Each listed tutorial is a list item (LI) in the HTML. Now I am going to use HAP to grab those list items. To do this I need a path to these list items, which is called XPath. We need to be sure the path is unique so we don’t get the wrong items on our list.

An ID is the best way because those are unique, but I don’t see an ID I can use. I do see some classes and the unsorted list seems promising because of the multiple CSS classes penci-wrapper-data penci-grid penci-shortcode-render. I can use those CSS classes to get the UL and then the list items.

I will get multiple list items, which are nodes in HAP. So I want to select nodes, not a single node. The htmlDoc is the variable that holds the whole HTML page. The property DocumentNode is the root node and to select nodes from the root node we use the method SelectNodes. This gets XPath as a parameter, which points to the list items.
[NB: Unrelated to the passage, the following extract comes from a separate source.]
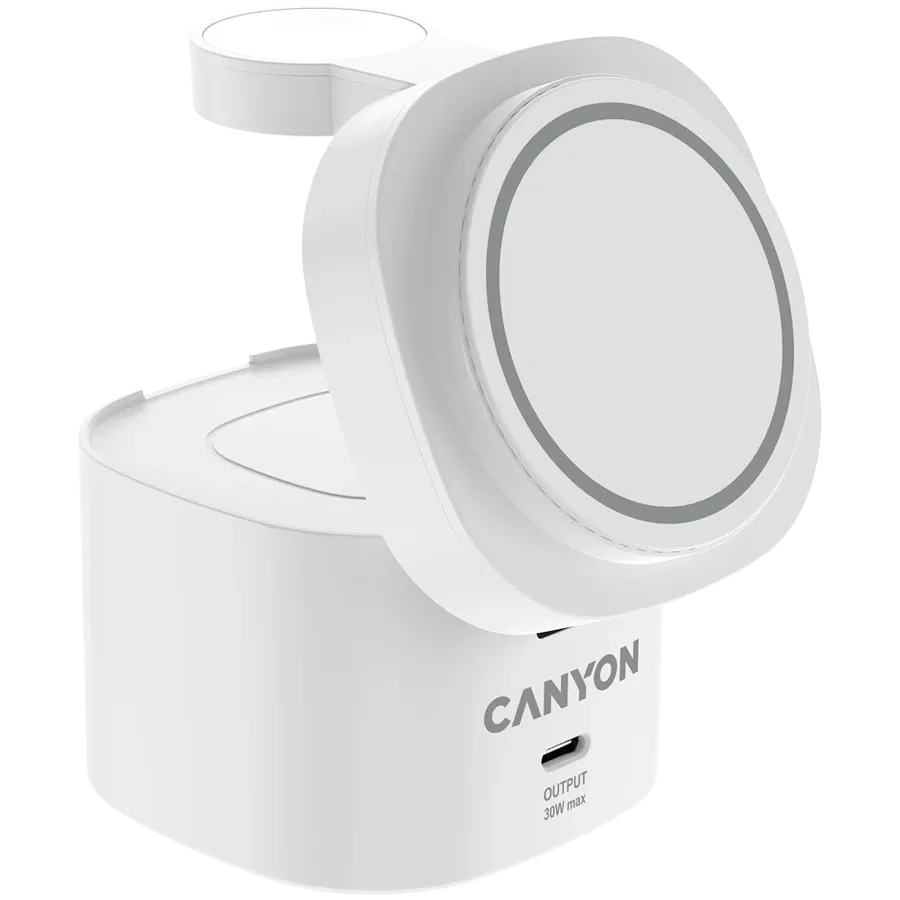 Canyon 4 in 1 Wireless Charging Stand, 30W max, 65W punjač i 1M kabel, bijeli, CNS-WCS405W

HtmlNodeCollection items = htmlDoc.DocumentNode.SelectNodes("//ul[@class='penci-wrapper-data penci-grid penci-shortcode-render']/li");

The // means from the root, the ul means I am looking for an unsorted list, the […] means I want to filter on attributes, in this case, a CSS class with the classes listed in the example, and as last item, I want the list items found inside the UL with the class.

If I would remove the /li it will only give the UL as a result, but I want the items.

Parsing the title

Next, we want to get the information from the list items and place them in a List<Article> so that we can use it in our application. For that, we need to iterate through the list of nodes, stored in the variable items. We can use the foreach for this.

List<Article> articles = new();

foreach (HtmlNode node in items)
{
    
}

When inside the foreach, we need to grab a specific part of the node item. The HtmlNode is a small part of the complete HTML and only the HTML of the list item. We can use HAP to further explore the piece of HTML.

Let’s start with the title of an article. The title is stored inside the following path: article -> second div -> h2 -> a. This is actually the XPath we are going to use.

The second div can be located by using its CSS class (recommended) or an index. I usually use the CSS class because it’s likely to change.

foreach (HtmlNode node in items)
{
    Console.WriteLine(node.SelectSingleNode("article/div[@class='grid-header-box']/h2/a").InnerHtml);
}

To get the text inside the a-element we use the InnerHtml property. We can also use the InnerText if you want. The SelectSingleNode does the same as SelectNodes, except it returns one node. If multiple nodes are found only the first one is returned.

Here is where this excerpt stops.